I’d also think that 96 threads per block is too small, particularly as even numbers of warps per block are preferred (even multiples of 4 for Kepler devices apparently). And I don’t know any way to force adjacent blocks onto the same multiprocessor either. I don’t see any downside to a large blocksize, so I’d also recommend to go with that.
As to whether it is better to align groups of 91 threads on warp boundaries or not is difficult to predict. Seems like you need to benchmark both versions to decide.
Note that __syncthreads() also creates a boundary beyond which the compiler cannot move reads to mitigate the effects of latency. This may be another reason why they are detrimental to performance. Thread-level parallelism (i.e. switching to different warps while waiting for the data to arrive) alone is not sufficient to hide global memory latency.
The Programming Guide in general only mentions latency in very few places (unfortunately). This is not limited to __syncthreads().
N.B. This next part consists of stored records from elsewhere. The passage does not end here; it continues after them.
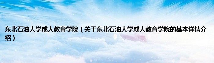 东北石油大学成人教育学院(关于东北石油大学成人教育学院的基本详情介绍)
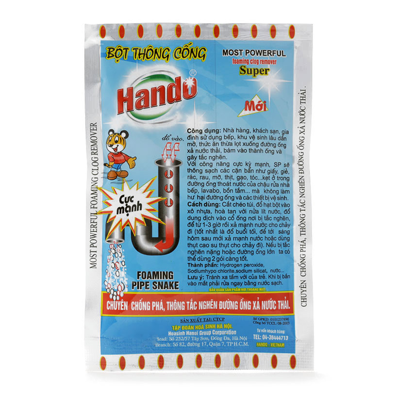 Thông tin sản phẩm Tên sản phẩm :Bột thông cống Hando 100g cực mạnh an toàn đường ống Thành phần : Nước, hydrogen peroxide, sodium silicat, sodiumhypo chlorite Thương hiệu : Hando Công dụng :
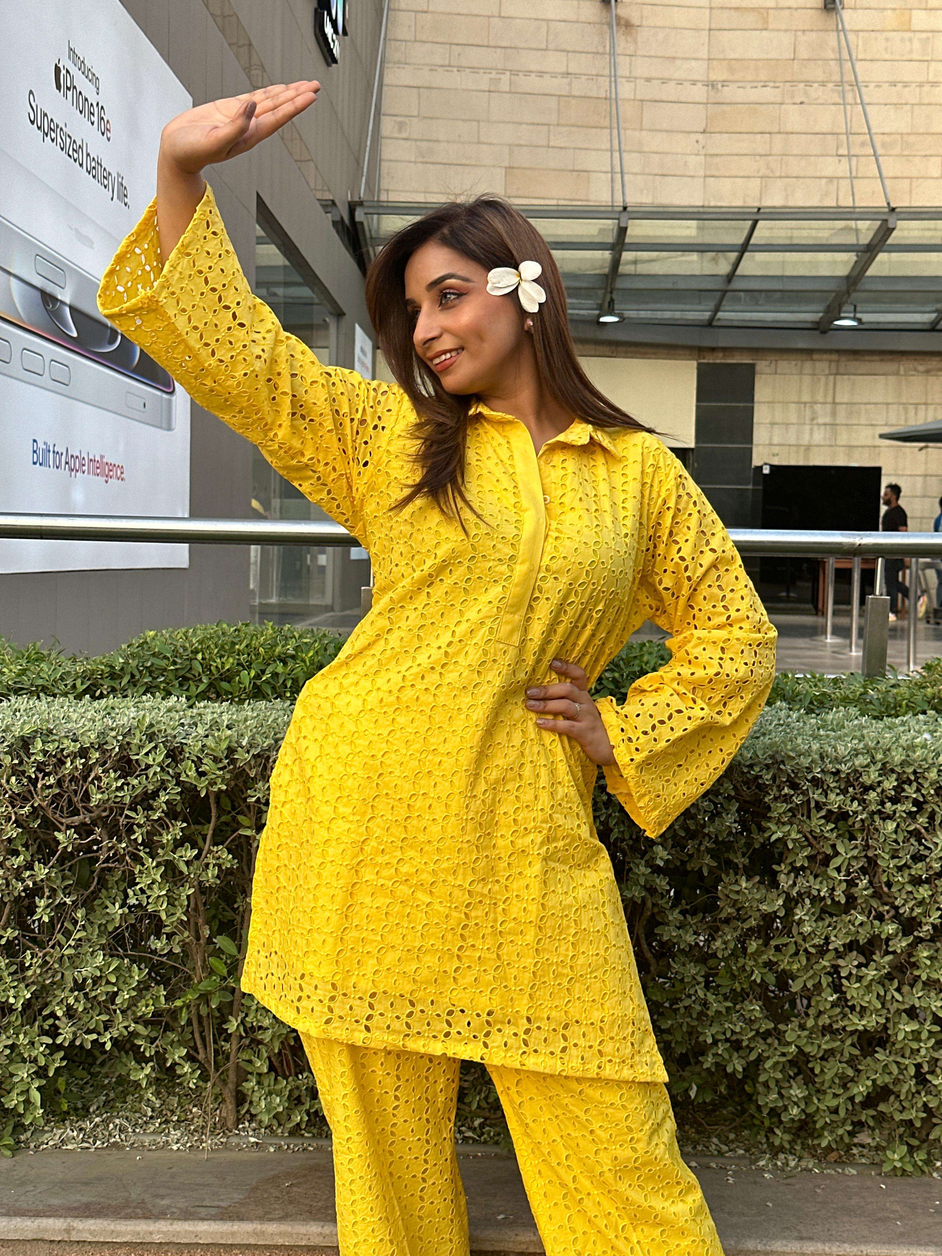 This vibrant Yellow cord set features a striking white geometric print, offering a contemporary twist on classic style. The relaxed top and wide-leg trousers are crafted for comfort, making it a chic choice for both casual and semi-formal occasions.
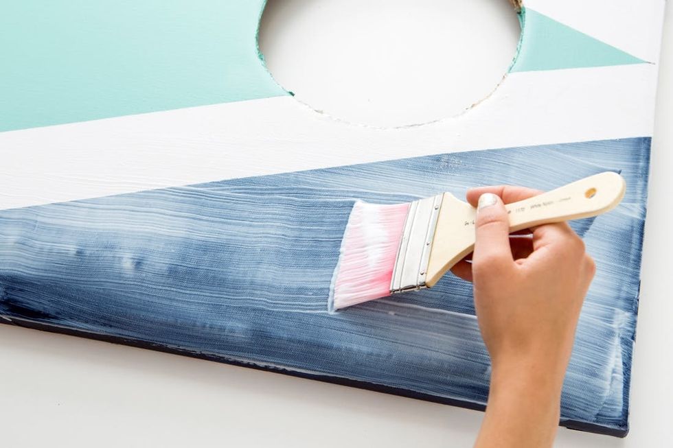 Cornhole is great, but the boards are too freakin’ heavy! All of that plywood and 2x4s really rack up the weight. Step one of this cornhole hack is to use an art canvas from your local craft store as the cornhole board. It cuts the weight in half! Part two of the hack is to use a plate to trace The Hole. To do that, measure the canvas and create a square in the center, 4 inches from the sides and 8 inches from the top. By making a square, you will be able to lay the plate in the center without having to line up center points. You’re welcome ;)

Almost all instructions have a latency of ~20 cycles where the Programming Guide only mentions a throughput of one/two (warp-wide) instructions every 1/2/4 cycles. Shared memory has ~30 cycles latency. So __syncthreads() isn’t that much different from other instructions. Although of course if would be nice if this were documented better.
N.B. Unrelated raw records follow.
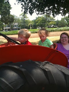 After about a hundred U-turns we finally found the place and a parking spot. We had a ton of fun even though it was incredible hot. The first thing we did was a tractor ride. Poor Preston was so scared. He was shaking like a leaf before we got on. He was fine once we go on and were going. The driver stopped about half way through the ride to tell us about the different things planted in the garden and some other upcoming events. It was Ethan turn to freak out a little bit and wanted off but once it started moving again, he was fine. Once the ride was over Ethan couldn't get enough of the tracker that were at the farm. We were able to get him to check out the chickens and the lamb. When he was in with the chickens he was making clucking noises at them. It was really adorable. Then he checked out the lamb. He wasn't that interested in the lamb but wanted to go back to the tractors. Preston on the other hand loved the lamb and just riding around in the stroller. It is experiences like today that I know it was the best decision for me to stay home. I can't thank Korri enough for going with me and the boys today.
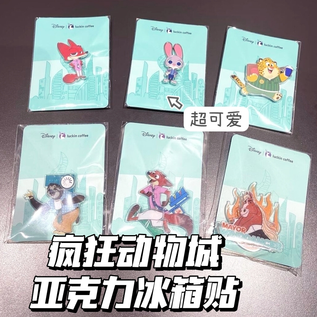 New product launches Luckin collaboration Crazy Animal City cute cartoon metal magnetic badge acrylic refrigerator sticker
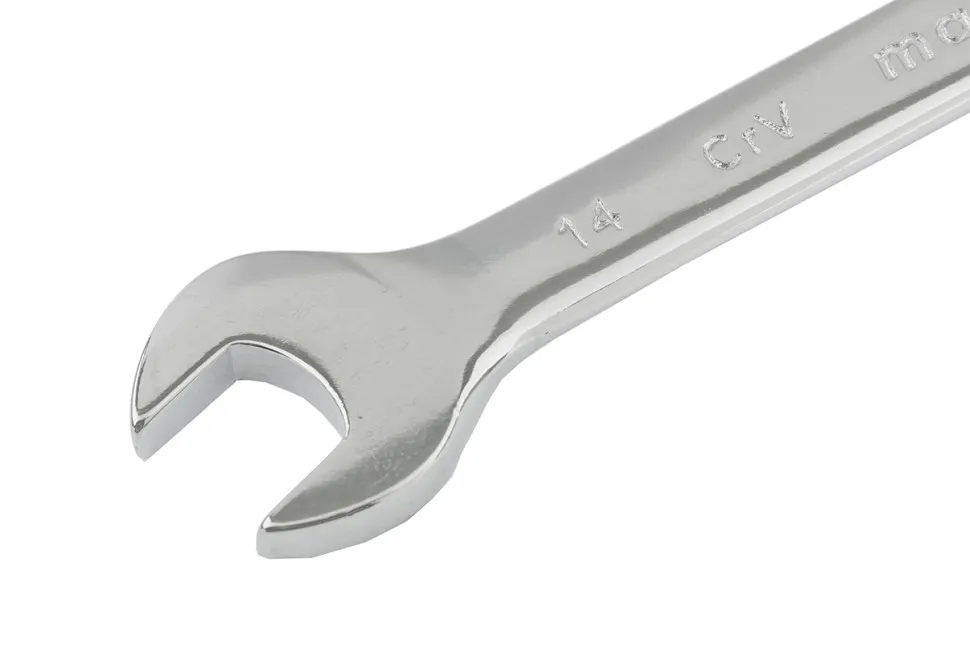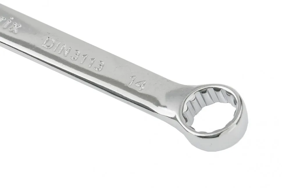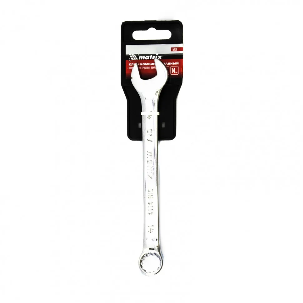 Ключ комбинированный Matrix 15158 из стали CrV, 14 мм, с покрытием «полированный хром», пригодится при проведении ремонтных работ дома или в гараже. С его помощью можно осуществлять быстрый монтаж и демонтаж крепежных элементов. Кольцевой зев обеспечивает удобство работы благодаря углу наклона 15 градусов относительно плоскости инструмента.ПреимуществаКлюч из хромованадиевой стали обладает необходимыми прочностными характеристиками и высокой сопротивляемостью деформации.Рабочая часть ключа прошла закалку до твердости 45 HRC в соответствии с требованиями ГОСТа.Полированное хромовое покрытие защищает ключ от образования коррозии.Накидные части с 12-гранным профилем позволяют охватить крепеж по всей поверхности, за счет чего снижается риск деформации его граней.Ключ удобно хранить и он не потеряется во время транспортировки, т.к. упакован в пластиковый держатель.

The main performance impact when using __syncthreads() is that it limits parallelism. Fewer and fewer warps are active, until just before the barrier releases there is only a single active warp left in the thread block. This means you would want to run at least two thread blocks per multiprocessor to mitigate this effect, so that other thread blocks “pick up the slack” caused by a barrier in one of the thread blocks.
I just checked and the PTX documentation doesn’t say anything about bar.sync behavior in the case that the first (barrier number) argument doesn’t evaluate identically among a warp. So I guess if you want to divide your block into subblocks that each synchronize at the same time (using a different barrier number), but not between the whole block, you are pretty much forced to align subgroups on warp boundaries. (Would be surprising anyway if Nvidia had invested the silicon needed to overcome this limitation.)
If however you want a certain subgroup to sync while the rest of the threads stay unsynchronized, warp alignment wouldn’t be required as additional synchronization doesn’t harm (barring potential deadlocks).
Some more info. As an experiment I removed all __syncthreads()
(I expect that the kernel will now calculate some wrong answers).
On a C2050 the kernel took 49.764ms less (on 477 102 080 additions).
This save 8% on the whole kernel.
On sm_20 (which is what the C2050 uses) there is a hard limit of 1536 threads per multiprocessor. So two thread blocks of 1001 threads cannot be scheduled onto the same multiprocessor simultaneously, regarddless of other resource constraints. For reasonable granularity that allows code to achieve high occupancy, I generally recommend thread block sizes in the range of 128 to 256 threads for Fermi parts. Application driven limitations, as well as resource constraints, in particular register and shared memory use, will usually push the choice to either the high or the low end of that desirable range.
Please note that the hardware imposes fairly coarse granularity on the register allocation for thread blocks, thus in many cases the actual number of registers used will be higher than a simple multiplication of registers per threads by threads per block would suggest. The occupancy calculator that ships with CUDA incorporates these granularity rules and gives an accurate prediction of occupancy.